Я побрел на зады Училища, мечтая встретиться с садовником. На грязной, замусоренной тертыми бинтами полусвалке, на желтой, отравленной стероидами траве в тени единственной дикой сухой груши лежал в зипунке поганый мужичок и жевал таблетки.

– Ты кто? – спросил он у своего зипунка, углядев меня.

– Пришел тебе рыло чистить, если ты садовник.

– Надоелось, – отмахнулся он и помотал небритыми щеками. – Все бьются по мордасям, а кто б спасибочки сказал. Чо я им? Я уж садовник когда это было, при царе Володьке третьем, ещесь опосля 33 году. А час мы кто, каке-такие… шадовники. Мы таперя без зубьев, яблошки грызть. Ухи врозь, ноги сместе…

– А ты не балуй, девок не порть, козел, – возмутился я, впрочем, сам себя несколько стыдясь.
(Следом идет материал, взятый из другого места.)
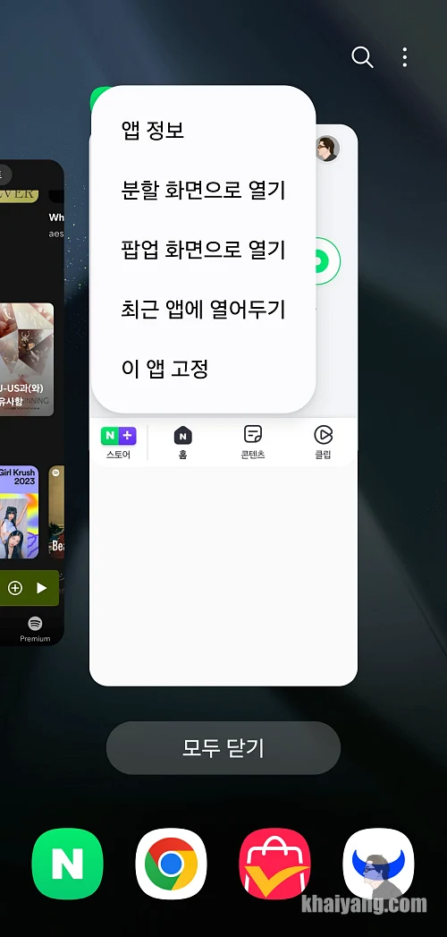 그러면 이렇게 하단에 자물쇠 표시가 되 있는 걸 볼 수 있습니다. 이렇게 되면 자물쇠 표시가 되어 있는 앱은 하단에 있는 모두 닫기를 선택해도 닫히지 않고 남아 있습니다.

– Это что, кто… кабы ето я козел бывал, тое не упомню. У меня таперя все лишнее через одну щчель идеть – через пот. А может ты за барышню желаете – это мы засегда пожалте. Скромно обеспечим вам, больной гражданин, сладкую барышню с ученицев, али приподов. Приподу бери, они у меня тута так страстью нагуливают, что боись – разорвут мошну в клочьи. Пух-перо, а не девки. Ежли заказыть будешь – я тебя в журнал помечу. Ко мне чай и ширше тебя акул ходить, с Сенату были намедни… Таким вроде ты, ежли чуть хроменькую, али зуб не в порядке завсегда скидка, – и старый стал мусолить древний чернильный карандаш.

Я смачно плюнул старому хрычу на зипун, лишь бы расплеваться и согнать досаду, и пошел прочь.

На кривой город уже надвигался вечер, а Пращурова все не было. Стоило бы потихоньку двигаться к назначенной дамами встрече, чтобы найти их обиталище и осмотреться. ПУК быстро отреагировал на названный мне и мной адрес и повлек меня на конку редкого маршрута.

К концу поездки я был единственный пассажир, выбравшийся где-то на западе мегаполиса на совершенно безлюдный пятак, где в километре виднелась уже освещенная насыпь под огромной инвестиционной трубой, мегалит и пирамида нашей эпохи. Там же вдали рядом вилась и всегда пустая и молчаливая железнодорожная магистраль.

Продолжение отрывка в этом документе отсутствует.